9
votes

I have several 20+ MB Excel files, and they need to be refreshed every week before business starts (Monday 8 AM).
These files contain one Data sheet, and data comes via external connection (ODC file), from an SQL Server view.
They also have one pivot sheet that also needs to be refreshed after the Data sheet is refreshed.

I am trying to find a solution (Windows PowerShell) to automatize the refreshing of Data and Pivot sheets without the need to touch the files. "Refresh on opening" and other Excel options are not viable because it takes up to 20 minutes to refresh all the connections.

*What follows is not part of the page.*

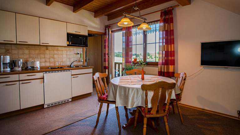 Die Ferienwohnungen mit Alpensicht bieten Selbstverpflegungsmöglichkeiten, da jede Wohnung über eine voll ausgestattete Küche verfügt. So können Sie Ihre Mahlzeiten nach Ihren eigenen Vorlieben zubereiten und genießen. Wenn Sie jedoch die lokale Küche erkunden möchten, finden Sie in der Umgebung verschiedene Restaurants und Cafés, in denen Sie regionale Spezialitäten probieren können.
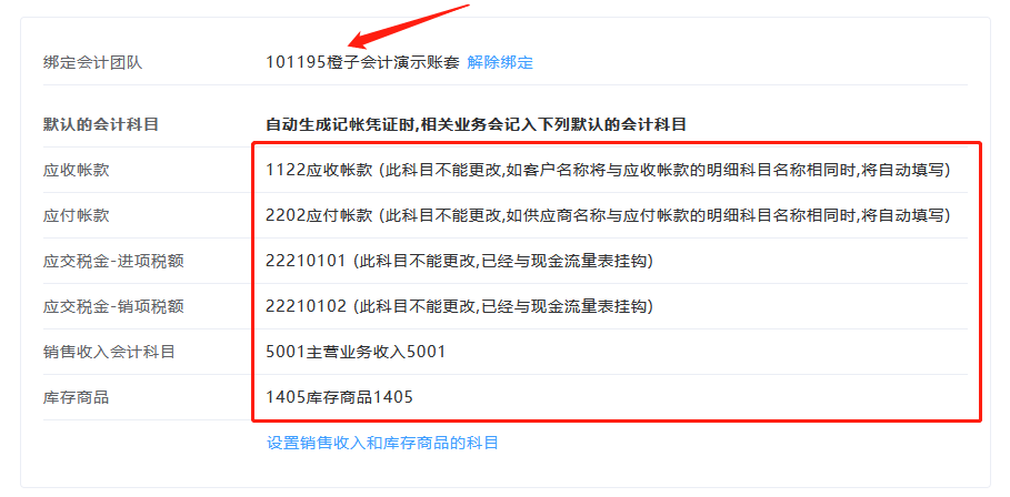 显示会计团队ID及团队名称,即表示已绑定。

I also don't want to refresh ALL sheets because the file has custom coloring for charts and "Refresh" resets it to Excel default which cannot happen.

I tried this, but it doesn't seem to work with ODC connection? At least, it doesn't do anything.:

Windows PowerShell:

$ExcelApp = new-object -ComObject Excel.Application
$ExcelApp.Visible = $false
$ExcelApp.DisplayAlerts = $false

$Workbook = $ExcelApp.Workbooks.Open("c:\test\ref_test.xlsx", 3, $false, 5, $null, $null, $true)
Start-Sleep -s 30
$Workbook.RefreshAll()
$Workbook|Get-Member *Save*
$Workbook.Save()

$ExcelApp.Quit()

Any ideas?

Office version: 2010, on Windows 7

2
Dont know what version of Office you have but maybe BackroundRefresh is off for that connection. Have a look here on how to set it. .RefreshAll method on refreshes only when "BackgroundQuery property set to True" as per MSDNMatt
Hi Matt, background refresh still refreshes every time a user opens the file and will have to wait 20+ minutes to get fresh data. I am using Excel 2010 on Win7. Updated the original question with this info, thanks for pointing out.KathyBlue
I would setup a cron job using Windows Task Scheduler to run a .bat file every Monday morning. In the .bat file, I would pass in an argument identifier saying "hey, I'm running from a cron job", then in the ThisWorkbook Workbooks.Open function, I would check for the argument and run the required refresh & close the excel book as necessary. The following link (from the way back machine) talks about opening Excel using CLI and passing in an argument mrexcel.com/archive/VBA/15657.htmlMichael

2 Answers

2
votes

Possibly the answer on this question can help. The perl script is also available as a pre-compiled exe file.

-1
votes

I would approach this issue by using Excel VBA, and create your Excel file into a .xlsm.

Then update the file w/ Excel VBA commands and functions to refresh your odbc connection, and then save as a new file for distribution.